Raw data:
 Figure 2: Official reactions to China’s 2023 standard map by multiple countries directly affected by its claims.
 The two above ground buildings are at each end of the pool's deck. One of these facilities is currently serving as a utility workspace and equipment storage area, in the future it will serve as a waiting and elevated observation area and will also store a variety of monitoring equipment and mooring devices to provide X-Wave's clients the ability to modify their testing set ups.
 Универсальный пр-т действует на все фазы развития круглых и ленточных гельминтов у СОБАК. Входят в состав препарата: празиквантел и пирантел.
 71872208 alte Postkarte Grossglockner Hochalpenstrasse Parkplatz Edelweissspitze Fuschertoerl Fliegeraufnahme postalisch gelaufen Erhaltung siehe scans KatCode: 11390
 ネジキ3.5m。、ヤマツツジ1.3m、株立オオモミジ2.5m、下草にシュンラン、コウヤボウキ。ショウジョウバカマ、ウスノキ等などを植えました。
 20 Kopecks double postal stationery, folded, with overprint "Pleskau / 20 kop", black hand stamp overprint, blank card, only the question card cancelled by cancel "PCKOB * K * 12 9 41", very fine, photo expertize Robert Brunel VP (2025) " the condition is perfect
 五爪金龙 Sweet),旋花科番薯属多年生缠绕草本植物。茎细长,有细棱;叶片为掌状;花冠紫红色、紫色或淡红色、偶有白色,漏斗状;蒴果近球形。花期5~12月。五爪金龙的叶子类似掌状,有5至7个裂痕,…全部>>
--
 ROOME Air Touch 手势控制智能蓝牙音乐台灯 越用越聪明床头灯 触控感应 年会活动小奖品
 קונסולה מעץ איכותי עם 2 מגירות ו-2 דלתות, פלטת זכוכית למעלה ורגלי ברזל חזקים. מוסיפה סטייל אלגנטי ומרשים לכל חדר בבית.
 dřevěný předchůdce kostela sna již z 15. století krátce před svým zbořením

What you will do: Print exactly the lines of the listing above starting at the line containing "71872208 alte Postkarte" and ending at the line containing "ネジキ3.5m。、ヤマツツジ", both included.

Answer:
 71872208 alte Postkarte Grossglockner Hochalpenstrasse Parkplatz Edelweissspitze Fuschertoerl Fliegeraufnahme postalisch gelaufen Erhaltung siehe scans KatCode: 11390
 ネジキ3.5m。、ヤマツツジ1.3m、株立オオモミジ2.5m、下草にシュンラン、コウヤボウキ。ショウジョウバカマ、ウスノキ等などを植えました。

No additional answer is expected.